Covid-19, hastalıktan daha az etkilendiği düşünülen gençlerde bile nöbet, inme, geçici felç gibi durumlara sebep olabilir. Covid-19’un, Parkinson ve Alzheimer hastalığı gibi sinir sistemini tutan hastalıkların oluşma ihtimalini artırabileceği yönünde görüşler mevcuttur.
Covid- 19 hastalığı, kanın daha kolay pıhtılaşır hale gelmesine neden olabilir. Bu durumda, kan içerisinde oluşan pıhtılar; küçük kılcal damarlara giderek tıkanmaya yol açabilir.
Covid-19’un bu etkisi uzun vadede karaciğer, böbrek gibi organlarda hasar meydana getirir. Şiddetli semptomları olan Covid-19 hastalarının uzun süre boyunca yoğun bakım ünitelerinde tedavi edilmesi gerekebilir. Tedavisi tamamlanıp koronavirüsü yenen hastalarda, uzun süre izole kalmaya bağlı psikiyatrik sorunlar görülebilir. Travma sonrası stres bozukluğu, anksiyete, depresyon bu hastalarda görülebilecek problemlerdir’ diye konuştu.

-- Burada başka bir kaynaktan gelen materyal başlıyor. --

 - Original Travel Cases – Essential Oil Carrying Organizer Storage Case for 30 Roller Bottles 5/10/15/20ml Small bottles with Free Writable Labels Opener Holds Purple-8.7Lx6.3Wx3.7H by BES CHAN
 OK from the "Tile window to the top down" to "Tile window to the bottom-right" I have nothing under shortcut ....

Dr. Uzun, sözlerini şöyle tamamladı: ‘Covid-19 yeni ortaya çıkan bir hastalık olduğundan uzun dönem etkileri ile ilgili henüz yeterince bilgi bulunmamaktadır.

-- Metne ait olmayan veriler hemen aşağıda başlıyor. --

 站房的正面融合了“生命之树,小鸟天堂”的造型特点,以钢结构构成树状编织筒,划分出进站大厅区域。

Ancak bilim insanları, dünyanın dört bir yanından gelen olgular, veri setleri ve çalışmalarla çeşitli öngörülerde bulunmaktadırlar. Tüm bu çalışmalar sonucunda hastalığın en sık görülen uzun dönem etkisinin akciğerler üzerinde olduğunu belirtmektedir. Covid-19 hastalarının özellikle akciğer sağlığı açısından dikkatle tedavi ve takip edilmesi önerilir’.